Assigned task: When you reproduce the data, keep every word exactly as it stands and leave the pictures out.

Dataset excerpt:
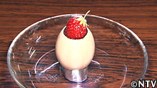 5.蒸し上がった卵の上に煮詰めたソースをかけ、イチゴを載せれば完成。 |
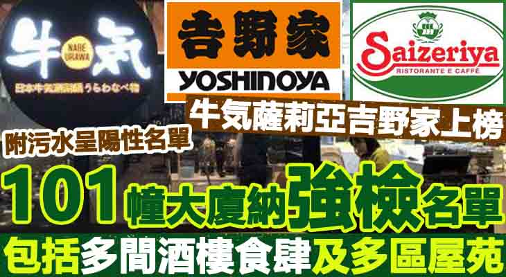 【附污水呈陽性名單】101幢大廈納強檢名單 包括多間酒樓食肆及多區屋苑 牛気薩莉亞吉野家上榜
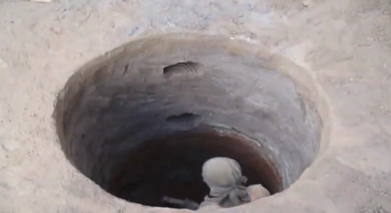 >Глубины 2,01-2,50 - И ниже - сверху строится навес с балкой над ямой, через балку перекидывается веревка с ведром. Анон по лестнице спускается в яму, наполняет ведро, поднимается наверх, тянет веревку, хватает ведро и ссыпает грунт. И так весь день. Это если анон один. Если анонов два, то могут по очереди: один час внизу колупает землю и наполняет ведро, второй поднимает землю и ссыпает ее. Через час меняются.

Answer section:
 5.蒸し上がった卵の上に煮詰めたソースをかけ、イチゴを載せれば完成。 |
 【附污水呈陽性名單】101幢大廈納強檢名單 包括多間酒樓食肆及多區屋苑 牛気薩莉亞吉野家上榜
 >Глубины 2,01-2,50 - И ниже - сверху строится навес с балкой над ямой, через балку перекидывается веревка с ведром. Анон по лестнице спускается в яму, наполняет ведро, поднимается наверх, тянет веревку, хватает ведро и ссыпает грунт. И так весь день. Это если анон один. Если анонов два, то могут по очереди: один час внизу колупает землю и наполняет ведро, второй поднимает землю и ссыпает ее. Через час меняются.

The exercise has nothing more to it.